Copy the entries exactly. Their pictures do not belong in the copy.

'''

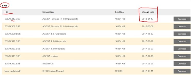 1. Biostar 홈페이지로 가서 원하는 버전의 바이오스 파일을 찾아 다운 받는다
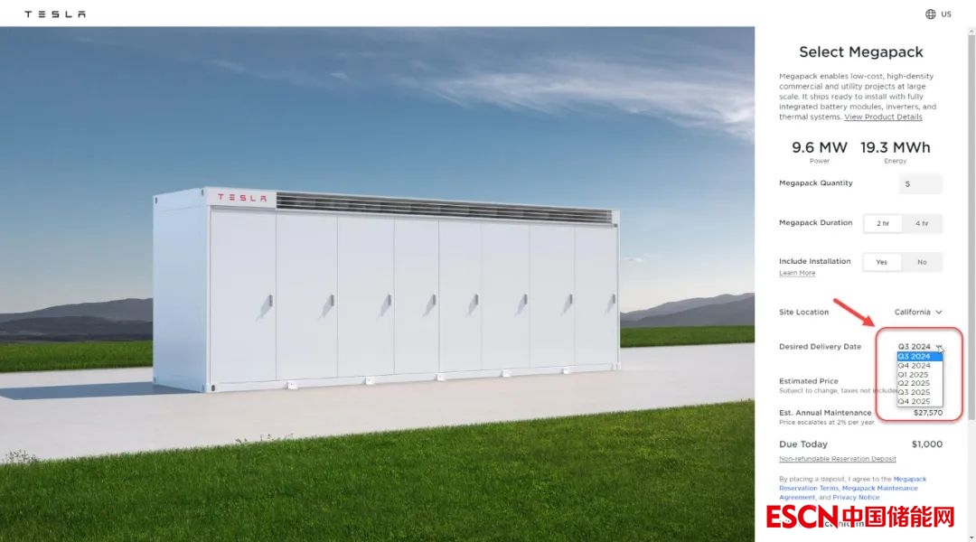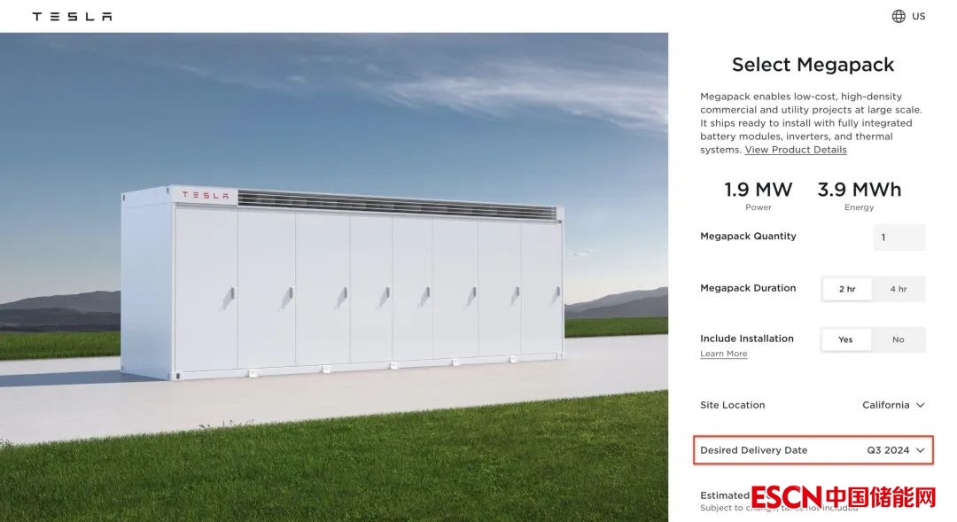 中國儲能網(wǎng)訊:近日,特斯拉官方網(wǎng)站顯示,其電池儲能系統(tǒng)Megapack訂單的最早預計交付日期將在2024年第三季度。
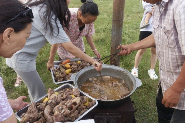 まこ:ホルホグっていう料理で、鍋にお肉とアツアツにした石を一緒に入れて、蒸し焼きにします。
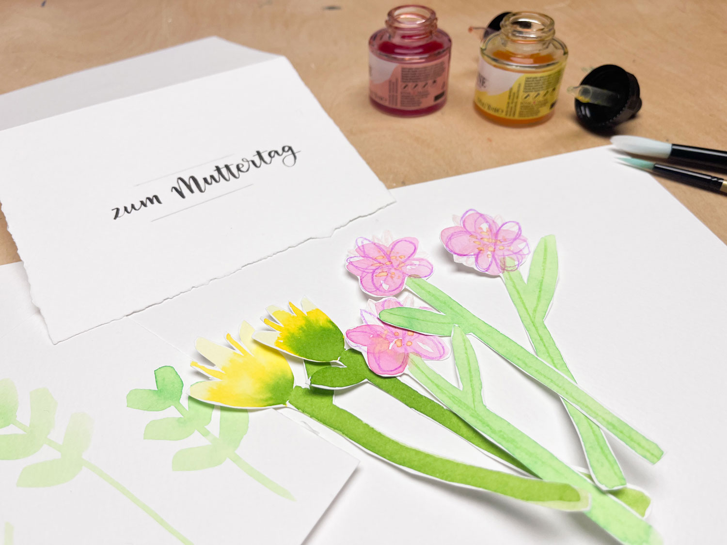 Male, schneide, kombiniere: Aus Aquarellblumen entsteht ein kleiner Strauß auf Papier – als persönliche Muttertagskarte zum Verschenken.
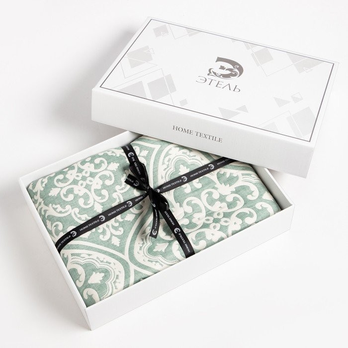 Покрывало хлопковое Этель «Орнамент» 180×240 см, цвет зелёный, 100% хлопок, 300гр/м2
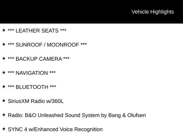 Step inside and you'll be surrounded by a wealth of premium features that elevate the driving experience. Sink into the plush leather-trimmed seats and enjoy the convenience of the SYNC 4 infotainment system, complete with navigation and a premium Bang & Olufsen sound system. The twin-panel power moonroof lets you bask in natural light, while the heated and ventilated front seats and heated rear seats keep you comfortable in any weather.
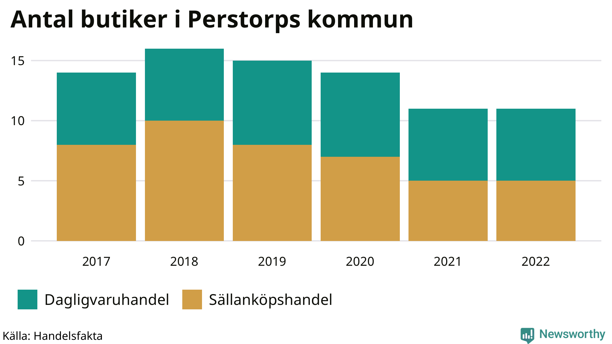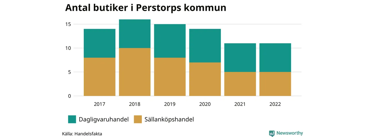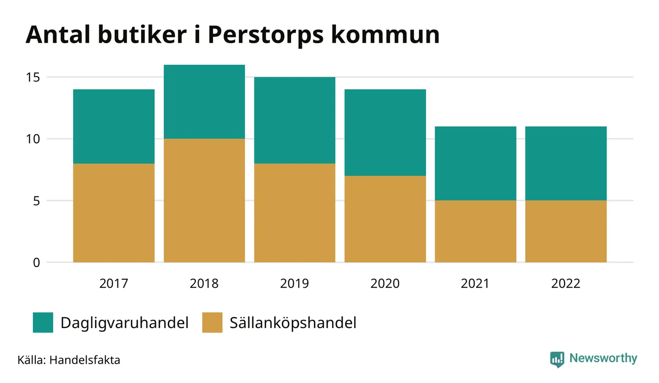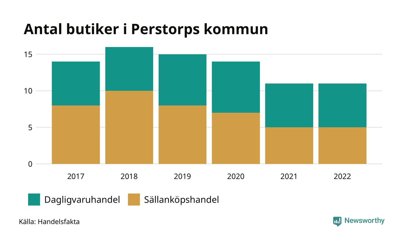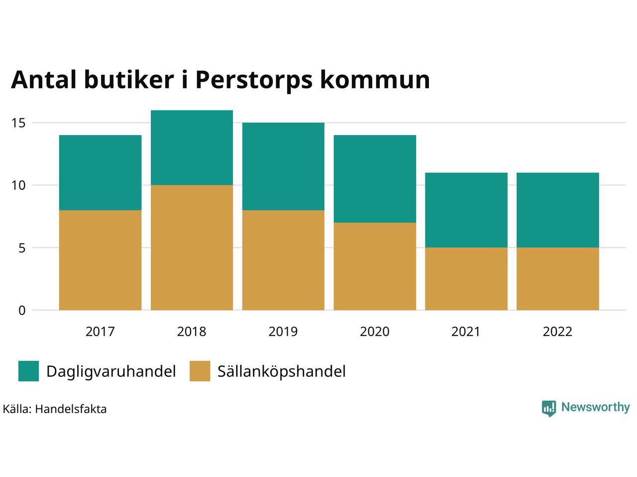 I Perstorp rör det sig om små tal. Den 30 november 2022 fanns elva butiker i kommunen, vilket är lika många som året innan men tre färre än 2017.
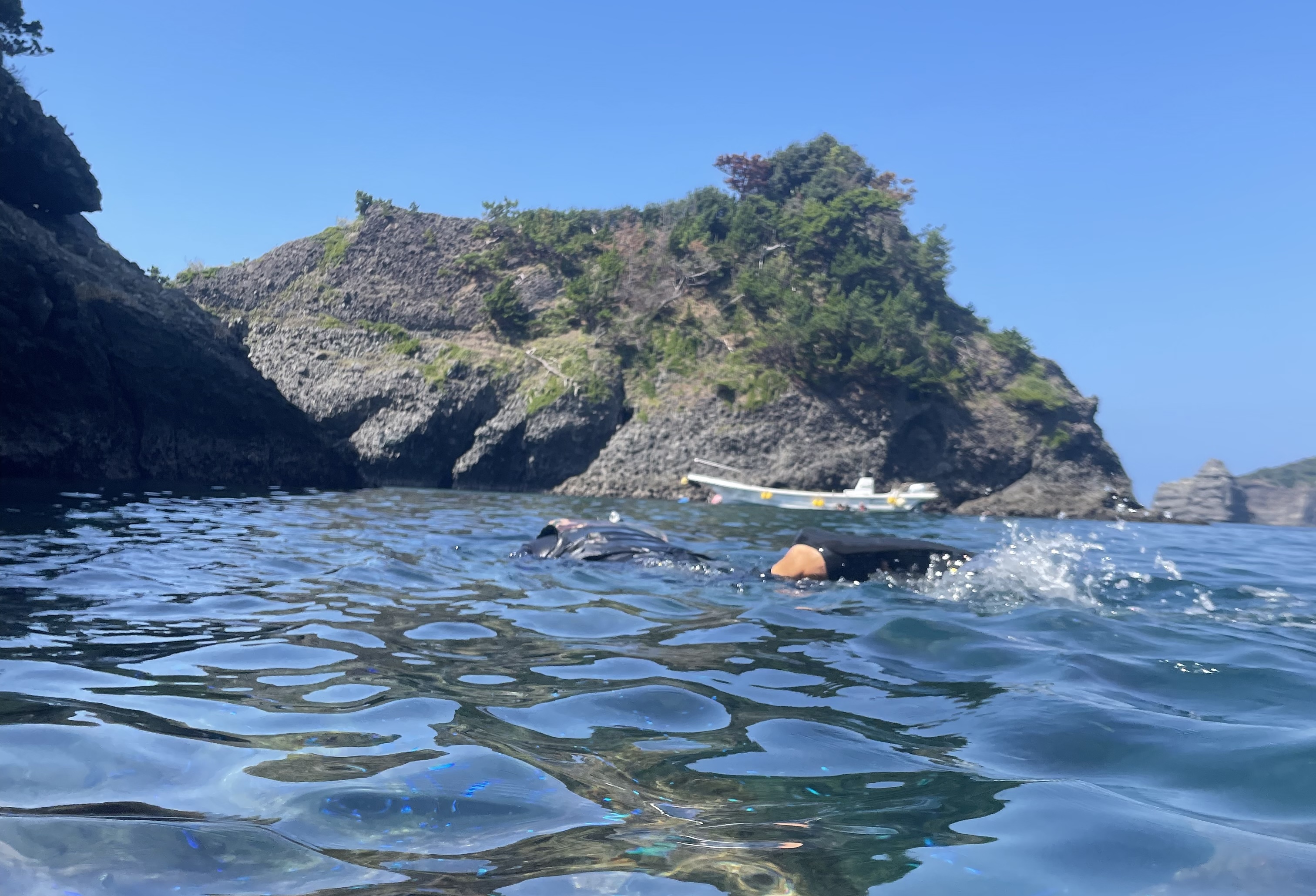 今回は早朝6時前に自宅を出発し、途中一回休憩を挟み、4時間強、10時20分にヒリゾ浜渡し船駐車場に到着。そのまま渡し船に乗り、平日にもかかわらず混んでいるヒリゾ浜へ。
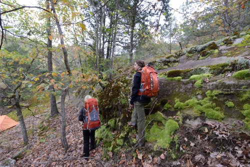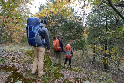 -. Feature : Rust, lightweight polyester ripstop; Adjustable shoulder straps; Center aluminum frame stay / Padded back with PE sheet; #10 main opening zipper; Large zippered front pocket / Removable padded waist belt; Hydration pocket and port; Lower side neoprene pockets / Dual side compression straps; Rescue whistle buckle on sternum strap / Capacity: 2450 cubic Inch/40L; Weight: 3 pounds, 5 ounces; SKU 6643005

'''

▶ _Response_:
 1. Biostar 홈페이지로 가서 원하는 버전의 바이오스 파일을 찾아 다운 받는다
 中國儲能網(wǎng)訊:近日,特斯拉官方網(wǎng)站顯示,其電池儲能系統(tǒng)Megapack訂單的最早預計交付日期將在2024年第三季度。
 まこ:ホルホグっていう料理で、鍋にお肉とアツアツにした石を一緒に入れて、蒸し焼きにします。
 Male, schneide, kombiniere: Aus Aquarellblumen entsteht ein kleiner Strauß auf Papier – als persönliche Muttertagskarte zum Verschenken.
 Покрывало хлопковое Этель «Орнамент» 180×240 см, цвет зелёный, 100% хлопок, 300гр/м2
 Step inside and you'll be surrounded by a wealth of premium features that elevate the driving experience. Sink into the plush leather-trimmed seats and enjoy the convenience of the SYNC 4 infotainment system, complete with navigation and a premium Bang & Olufsen sound system. The twin-panel power moonroof lets you bask in natural light, while the heated and ventilated front seats and heated rear seats keep you comfortable in any weather.
 I Perstorp rör det sig om små tal. Den 30 november 2022 fanns elva butiker i kommunen, vilket är lika många som året innan men tre färre än 2017.
 今回は早朝6時前に自宅を出発し、途中一回休憩を挟み、4時間強、10時20分にヒリゾ浜渡し船駐車場に到着。そのまま渡し船に乗り、平日にもかかわらず混んでいるヒリゾ浜へ。
 -. Feature : Rust, lightweight polyester ripstop; Adjustable shoulder straps; Center aluminum frame stay / Padded back with PE sheet; #10 main opening zipper; Large zippered front pocket / Removable padded waist belt; Hydration pocket and port; Lower side neoprene pockets / Dual side compression straps; Rescue whistle buckle on sternum strap / Capacity: 2450 cubic Inch/40L; Weight: 3 pounds, 5 ounces; SKU 6643005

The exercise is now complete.